INPUT DATA Start Marker

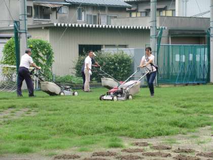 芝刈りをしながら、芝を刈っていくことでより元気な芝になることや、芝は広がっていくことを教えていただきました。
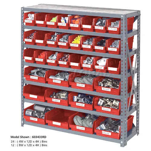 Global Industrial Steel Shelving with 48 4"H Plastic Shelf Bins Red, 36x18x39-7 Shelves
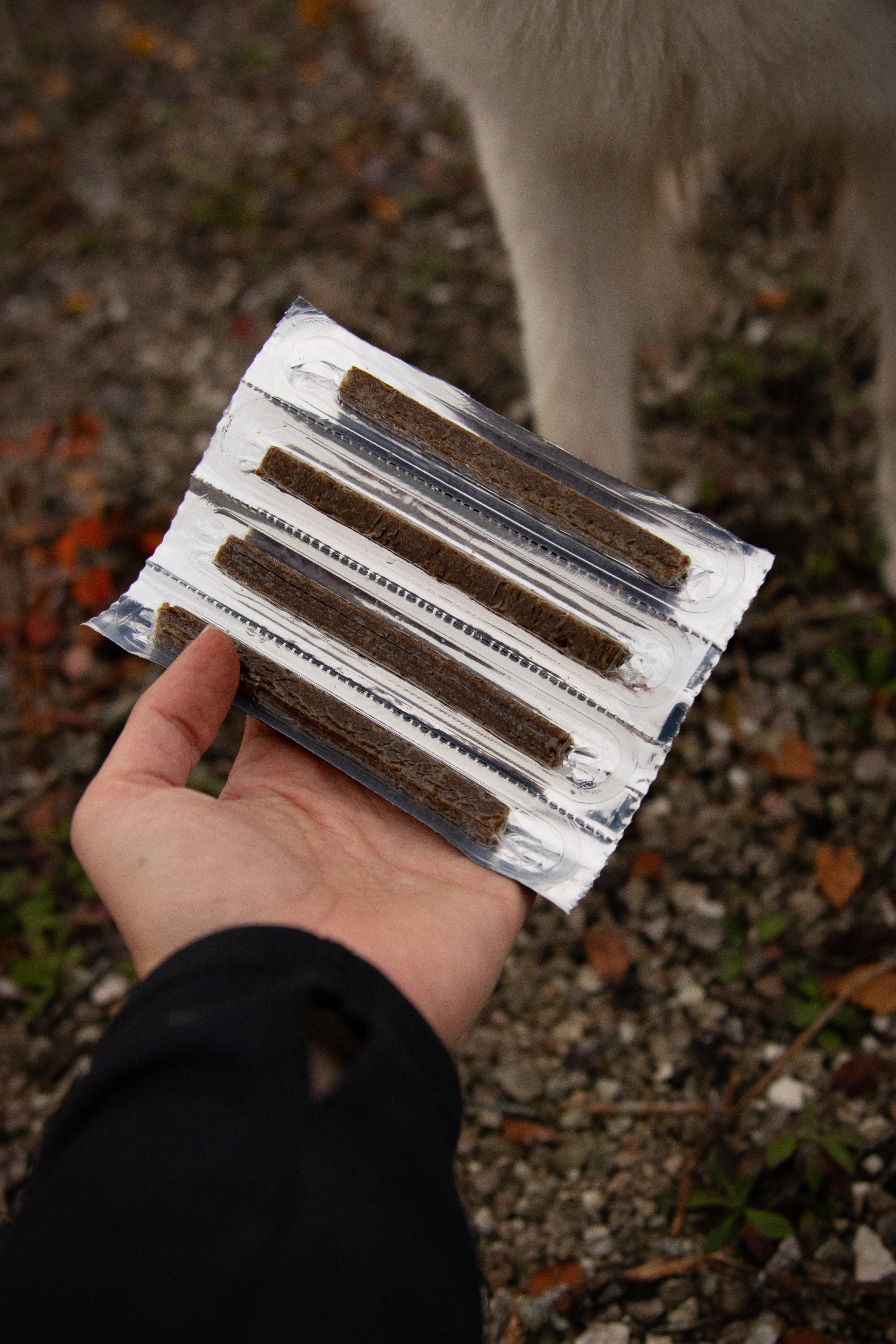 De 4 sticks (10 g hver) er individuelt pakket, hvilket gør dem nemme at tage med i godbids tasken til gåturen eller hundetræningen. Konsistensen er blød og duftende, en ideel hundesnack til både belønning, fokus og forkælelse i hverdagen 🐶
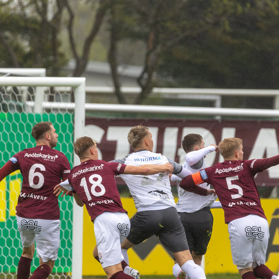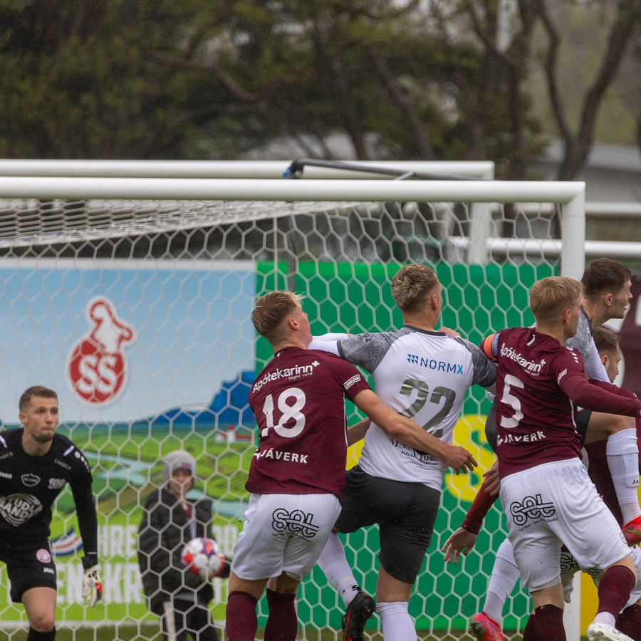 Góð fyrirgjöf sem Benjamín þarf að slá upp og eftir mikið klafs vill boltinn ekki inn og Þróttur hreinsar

INPUT DATA End Marker
INPUT DATA Start Marker

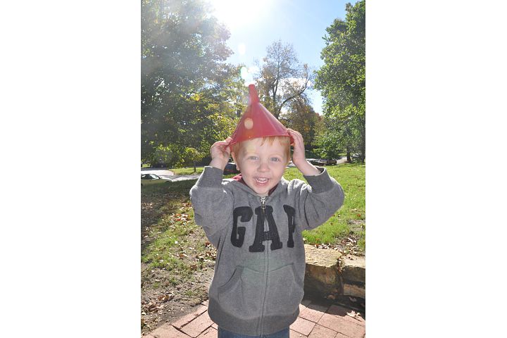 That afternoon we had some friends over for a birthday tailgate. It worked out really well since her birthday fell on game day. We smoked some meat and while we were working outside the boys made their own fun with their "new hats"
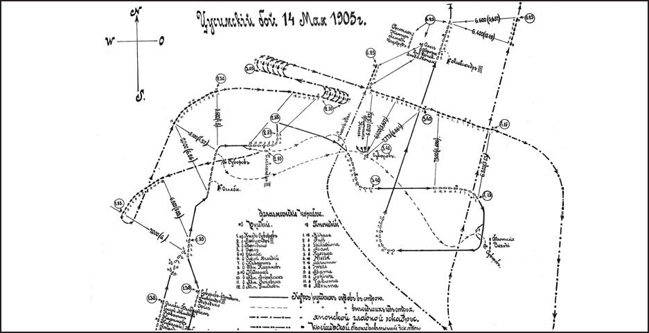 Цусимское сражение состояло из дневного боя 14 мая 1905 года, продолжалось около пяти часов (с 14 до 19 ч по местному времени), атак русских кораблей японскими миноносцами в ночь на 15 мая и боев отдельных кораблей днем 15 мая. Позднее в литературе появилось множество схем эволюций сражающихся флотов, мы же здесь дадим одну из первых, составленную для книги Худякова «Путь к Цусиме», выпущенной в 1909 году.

INPUT DATA End Marker

■ **PROBLEM TO WORK ON**
Return only the stretch above from the line containing "That afternoon we" through the line containing "Цусимское сражение состояло", word for word and without pictures.

■ **OUTPUT FOR THIS TASK**
 That afternoon we had some friends over for a birthday tailgate. It worked out really well since her birthday fell on game day. We smoked some meat and while we were working outside the boys made their own fun with their "new hats"
 Цусимское сражение состояло из дневного боя 14 мая 1905 года, продолжалось около пяти часов (с 14 до 19 ч по местному времени), атак русских кораблей японскими миноносцами в ночь на 15 мая и боев отдельных кораблей днем 15 мая. Позднее в литературе появилось множество схем эволюций сражающихся флотов, мы же здесь дадим одну из первых, составленную для книги Худякова «Путь к Цусиме», выпущенной в 1909 году.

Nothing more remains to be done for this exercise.